[BUG] Default prompt for similarity does not work with gpt-4o

pamelafox commented 2 months ago

Describe the bug

Using code like this:

from promptflow.evals.evaluators import SimilarityEvaluator

similarity = SimilarityEvaluator(model_config)

similarity_score = similarity(
    question=sample['question'],
    answer=sample['final_answer'],
    ground_truth=sample['gold_final_answer'],
)

We get a result of nan for the score, and when we print out the llm_output from inside the promptflow code, we simply see an output of the word "Based".

It would be great if the prompts could be improved to work with gpt-4o as evaluation models, since many developers would like to use them instead of gpt-4.

How To Reproduce the bug Steps to reproduce the behavior, how frequent can you experience the bug:

We always experience it for this data, on every question.

Expected behavior

We expected the prompts to work well for gpt-4o as well.

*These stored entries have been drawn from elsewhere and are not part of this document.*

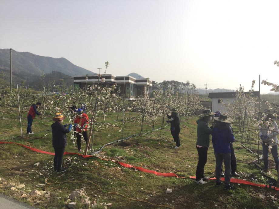 증평군 행정과 직원 20여명은 지난 17일, 18일 이른 아침부터 증평읍 연탄리 일원의 과수 농가를 방문해 생산적 일손봉사 활동을 실시했다.
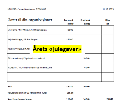 Året nærmer seg slutten, og vi vet hvor mange kroner vi kan sende til våre partnerorganisasjoner.
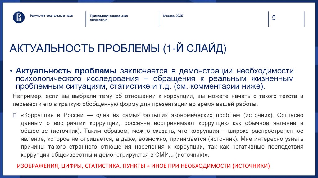 Например, если вы выбрали тему об отношении к коррупции, вы можете начать с такого текста и
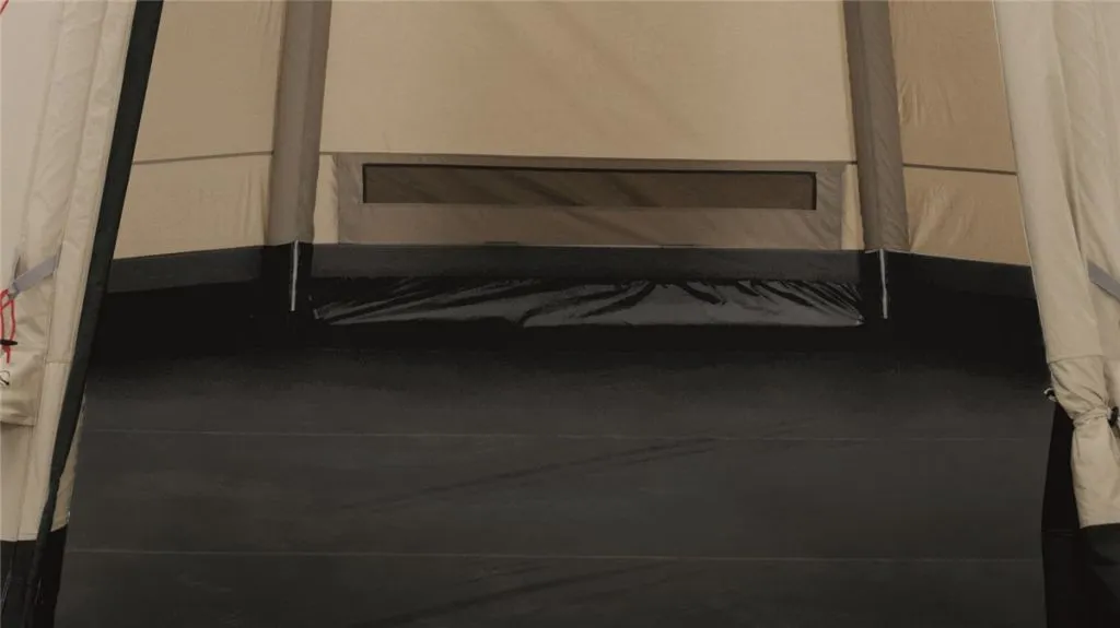 Internal curtains at the windows enhance the impression that this has traditional-style solid HydroTex® Polycotton RS walls yet can be rolled up for views out. The front door has a mesh panel behind and low vents aid airflow.

Screenshots If applicable, add screenshots to help explain your problem.

Running Information(please complete the following information):

Promptflow Package Version using pf -v: [e.g. 0.0.102309906] { "promptflow": null, "promptflow-azure": "1.14.0", "promptflow-core": "1.14.0", "promptflow-devkit": "1.14.0", "promptflow-evals": "0.3.1", "promptflow-tracing": "1.14.0" } Operating System: GitHub Codespaces, python3:12 image Python Version using python --version: Python 3.12.5

pamelafox commented 2 months ago

cc @cedricvidal

pamelafox commented 2 months ago

I just tried this with 0.3.2, and I am getting a numeric score instead of "Based" (nan). So something seems to have changed in last version to improve this, at least for this particular QA pair. @cedricvidal could try running on the full set to see theyre all working now.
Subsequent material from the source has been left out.